Wednesday, April 18, 2012

A Controlled Trial of Herbal Treatment for ADHD

There is a lot of interest in using alternative medicine to treat ADHD.  A lot of people have problems with the commonly prescribed stimulants such as Ritalin or Alderall so they are looking for other treatments.  

One alter­na­tive approach to treat­ing ADHD has relied on the use of Com­pound Herbal Prepa­ra­tions (CHP) derived from tra­di­tional Chi­nese med­i­cine. Prac­ti­tion­ers of this approach believe that such prepa­ra­tions have impor­tant cog­ni­tive enhanc­ing prop­er­ties because they sup­ply essen­tial nutri­ents, fatty acids, phos­pho­lipids, amino acids, B vit­a­mins, min­er­als, and other micronu­tri­ents that are impor­tant for opti­mal brain growth and devel­op­ment. As a treat­ment for ADHD, the idea is that many indi­vid­u­als with ADHD have defi­cien­cies in essen­tial nutri­ents that com­pro­mise healthy brain devel­op­ment and result in ADHD symp­toms. Pro­vid­ing these nutri­ents via an appro­pri­ately pre­pared herbal com­pound thus has the poten­tial to be ther­a­peu­tic and reduce these symptoms.

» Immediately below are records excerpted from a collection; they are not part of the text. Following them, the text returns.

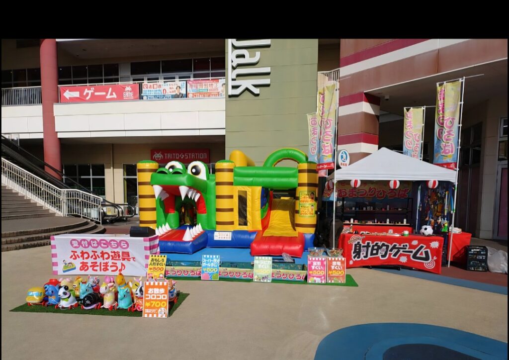 【内容】ふわふわ1回15分500円、おまつりひろば各1回500円~
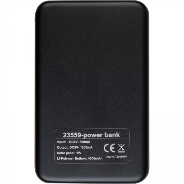 Power bank o pojemności 4000mAh, wykonany z metalu. Posiada funkcję Two Way Power (ładowanie solarne lub przez kabel USB). Dane techniczne:Input: DC5V-800mAOutput: DC5V-1200mASolar panel: 1WPojemność: 4000mAhŁadowanie: micro USB podłączyć do komputera za pomocą USB AInne:Dołączony kabelek ze złączami USB A i mikro USB
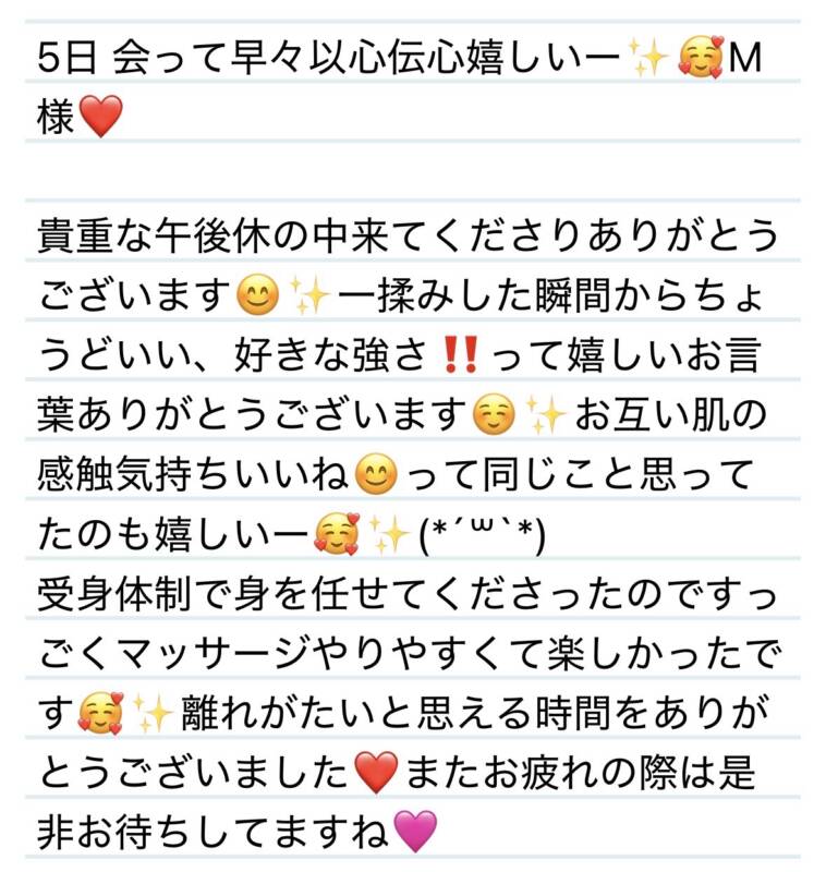 5日会って早々以心伝心嬉しいーっ✨😊M様❤️ 2026 3/06 夢華 2026.03.06 北陸唯一!パフォーマンスに特化した「魅せる」メンズエステ 心身ともにリラックス。非日常的な極上のひと時を貴方に… お電話でのご予約はこちら LINEでのご予約はこちら 営業時間|9:30~25:00(9:00~25:00 最終受付) 完全ご予約制ご新規様、リピーター様の事前ご予約承ります 夢華 よかったらシェアしてね! URL Copied! URL Copied! 5日 無限の彼方へさぁ行くぞ‼️byバズ・ライトイヤー٩( 'ω' )وN様❤️ 本日もよろしくお願いします❤️ 関連記事 今月もよろしくお願いします❤️💚 2025.12.02 10日 テトリスアプリをダウンロードしようか検討中🤔✨T君❤️ 2025.08.12 本日もありがとです✨ 2025.12.15 本日もよろしくお願いします❤️🎄 2025.12.03 20日 K君=クリーニングのK⁉️😳K君❤️ 2025.08.23 10.20涙袋は恋の落とし穴⁉️🩷O君❤️ 2025.10.22 10日 共通点も発見できて楽しすぎましたぁぁ✨T様❤️ 2025.11.11 25日嬉しい再会ありがとうございます✨K様❤️ 2026.02.27
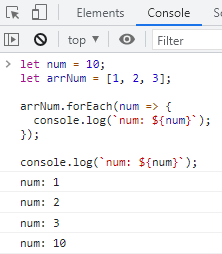 forEach문 외부에 선언된 변수 num의 값은 변경되지 않습니다.
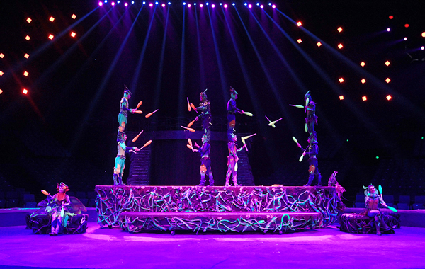 在現場,由12名俄羅斯演員組成的世界最強演出陣容,通過運用世界上最強的技術技巧,帶給觀眾最強的視覺沖擊效果。演員們把傳統的手技與音樂、體育、舞台劇、高空雜技、舞蹈揉為一體,運用化妝、服裝、燈光及道具以嶄新的表演亮相舞台,讓古老的節目煥發新的光芒。忽而雙手拋接,忽而手腳並用,技巧精湛、配合天衣無縫。最神奇的是,他們能三人之間疊成羅漢,一時間眼花繚亂。再配上奇幻的舞台,仿佛彌漫了科幻叢林氣氛,讓觀眾走向玄幻空間。
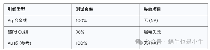 由于镀Pd Cu线在电测中已出现漏电问题,可靠性测试仅针对Ag合金线进行。
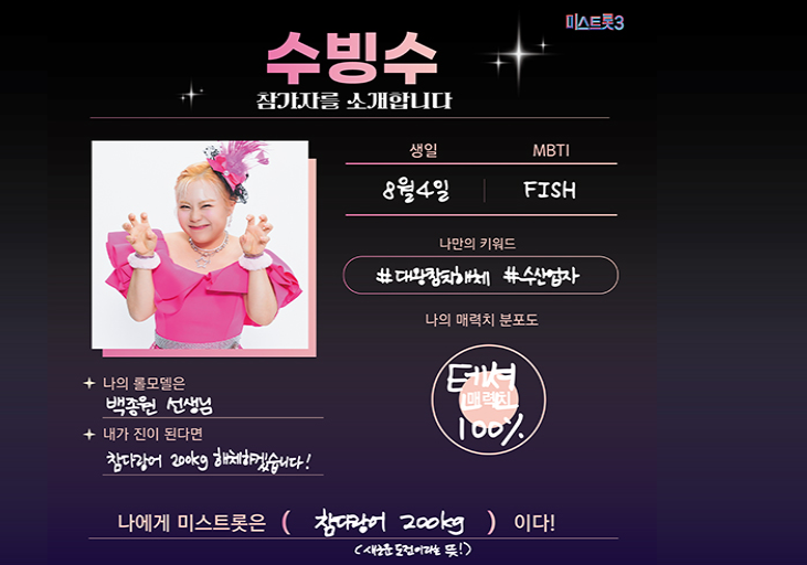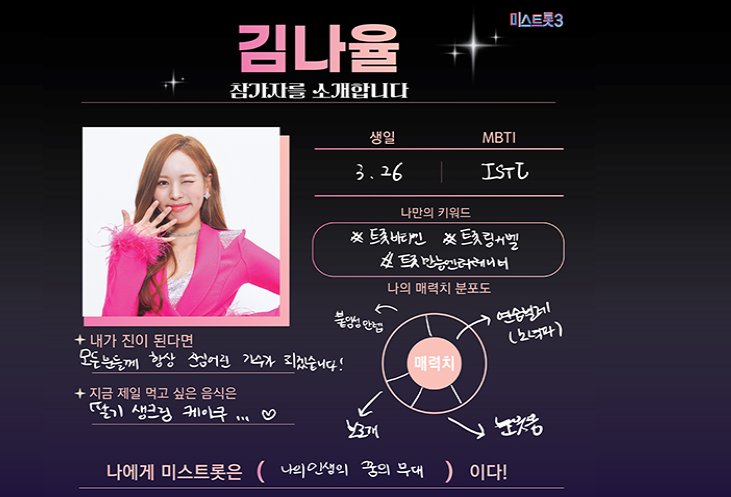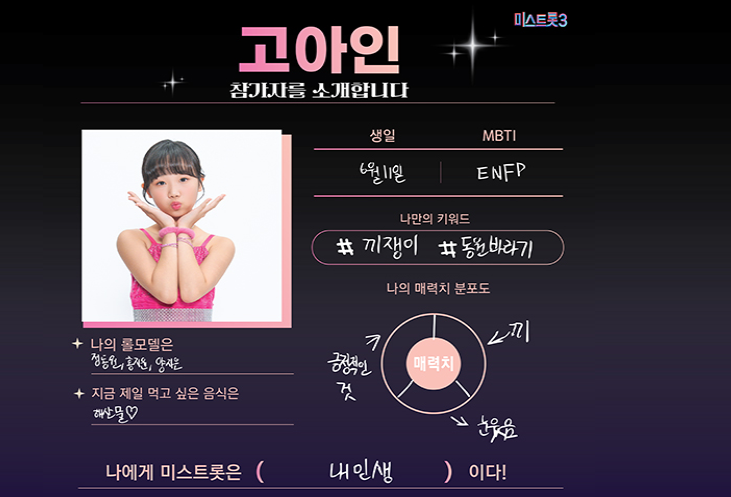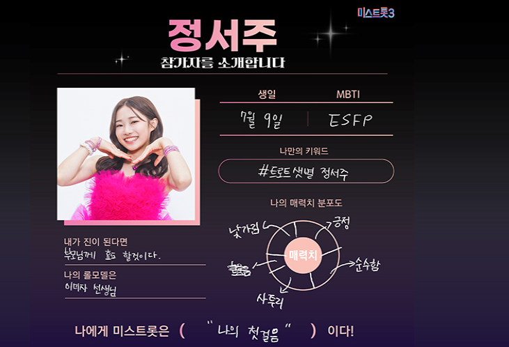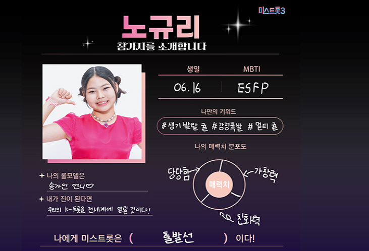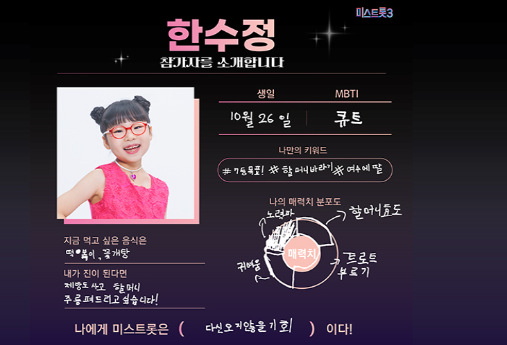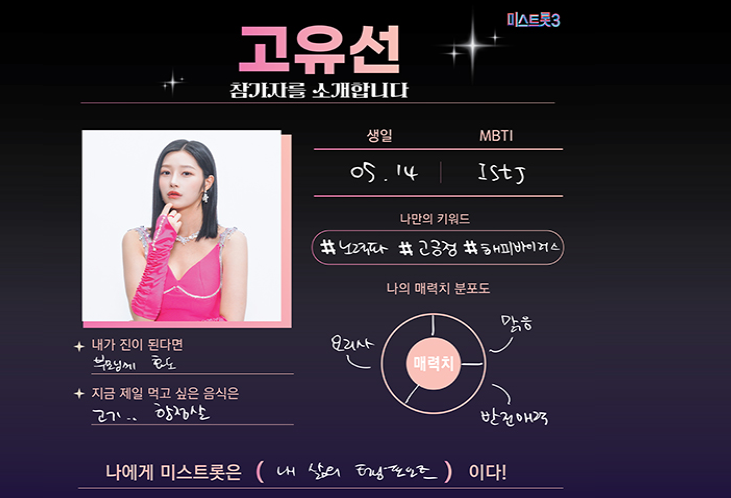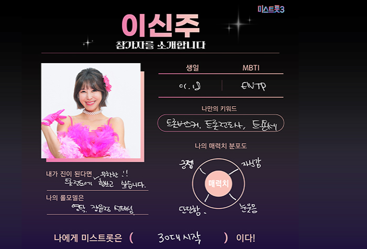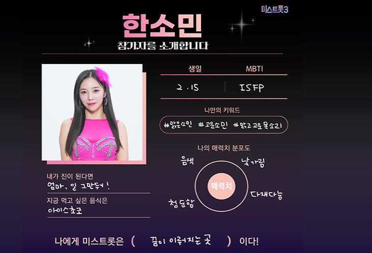 각 참가자의 무대를 통해 새로운 트로트의 매력을 발견하고, 그들의 열정과 꿈을 응원해 주세요. 이들의 여정은 여러분의 응원과 관심으로 더욱 빛나게 될 것입니다.

Active ingre­di­ents in the CHP — brand name Nur­ture & Clar­ity — included Paeo­niae Alba, With­a­nia Som­nifera, Cen­tella Asi­at­ica, Spir­ulina Platen­sis, Bacopa Monieri, and Mel­lissa Offic­i­nalis. All raw herbs used in the prepar­ing the com­pound were approved by the Israeli Min­istry of Health as safe, food-grade herbs.

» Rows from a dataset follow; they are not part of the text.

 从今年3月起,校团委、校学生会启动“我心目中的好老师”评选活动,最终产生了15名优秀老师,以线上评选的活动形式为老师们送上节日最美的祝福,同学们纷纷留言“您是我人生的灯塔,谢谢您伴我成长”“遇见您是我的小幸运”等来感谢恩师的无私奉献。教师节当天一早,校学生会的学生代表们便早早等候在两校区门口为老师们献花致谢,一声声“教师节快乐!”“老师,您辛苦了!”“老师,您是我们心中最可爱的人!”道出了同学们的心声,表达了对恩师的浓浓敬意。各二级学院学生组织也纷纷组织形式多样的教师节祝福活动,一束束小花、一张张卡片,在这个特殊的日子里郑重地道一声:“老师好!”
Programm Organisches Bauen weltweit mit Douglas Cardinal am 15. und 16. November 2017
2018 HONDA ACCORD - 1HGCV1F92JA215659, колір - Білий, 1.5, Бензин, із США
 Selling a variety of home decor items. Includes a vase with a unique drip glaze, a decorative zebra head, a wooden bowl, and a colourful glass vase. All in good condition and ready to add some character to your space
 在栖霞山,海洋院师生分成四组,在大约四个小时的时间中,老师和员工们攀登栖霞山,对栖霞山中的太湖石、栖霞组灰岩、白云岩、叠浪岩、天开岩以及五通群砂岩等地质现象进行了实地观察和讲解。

At the follow-up assess­ment, data was obtained on 73 of 80 chil­dren who received the CHP com­pared to only 19 of 40 who received placebo. The sig­nif­i­cantly greater drop-out rate among placebo-treated chil­dren reflected the greater num­ber of par­ents who were not sat­is­fied with their child’s response and who with­drew to pur­sue other options.

Results from the TOVA were ana­lyzed in 2 pri­mary ways. First, within each group, researchers tested whether there was sig­nif­i­cant improve­ment from pre-test to post-test. Then, they directly com­pared CHP vs. placebo dif­fer­ences con­trol­ling for age and sex. Because pre­lim­i­nary analy­ses indi­cated that results were con­sis­tent across dif­fer­ent ADHD sub­types, i.e., inat­ten­tive, hyperactive-impulsive, and com­bined, chil­dren with each sub­type were com­bined in all analyses.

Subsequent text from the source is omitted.